**Given information**

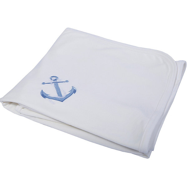Поверхность пледа одинаково ровная и гладкая с обеих сторон. Материал приятен на ощупь, не вызывает аллергии и пропускает воздух. Ткань хорошо держит форму. Плед украшен вышивкой якоря.
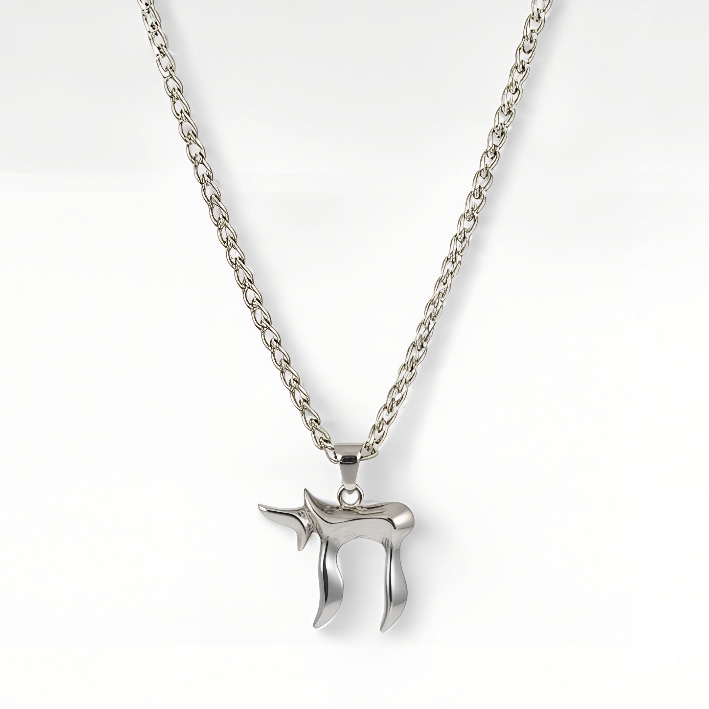 Discover the “Hai” pendant—a Hebrew symbol for life—reimagined in a luminous and timeless silver finish. This large design embodies a modern, refined, and deeply symbolic style, perfect for a bold everyday look.
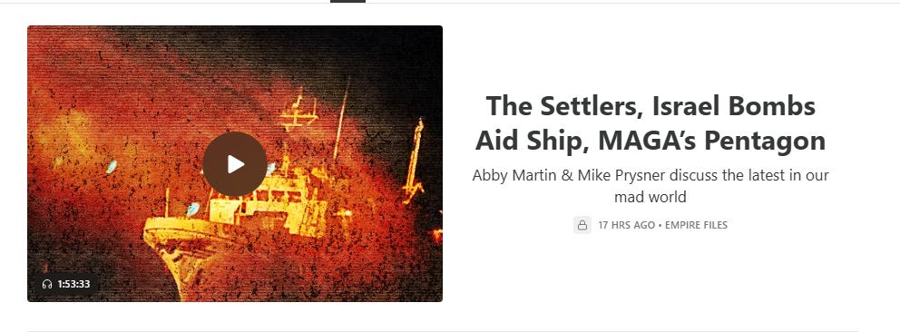 The Settlers, Israel Bombs Aid Ship, MAGA’s Pentagon — Abby Martin & Mike Prysner discuss the latest in our mad worl

**To do**
This task asks for the data above repeated exactly, without a single picture.

**Answer box**
Поверхность пледа одинаково ровная и гладкая с обеих сторон. Материал приятен на ощупь, не вызывает аллергии и пропускает воздух. Ткань хорошо держит форму. Плед украшен вышивкой якоря.
 Discover the “Hai” pendant—a Hebrew symbol for life—reimagined in a luminous and timeless silver finish. This large design embodies a modern, refined, and deeply symbolic style, perfect for a bold everyday look.
 The Settlers, Israel Bombs Aid Ship, MAGA’s Pentagon — Abby Martin & Mike Prysner discuss the latest in our mad worl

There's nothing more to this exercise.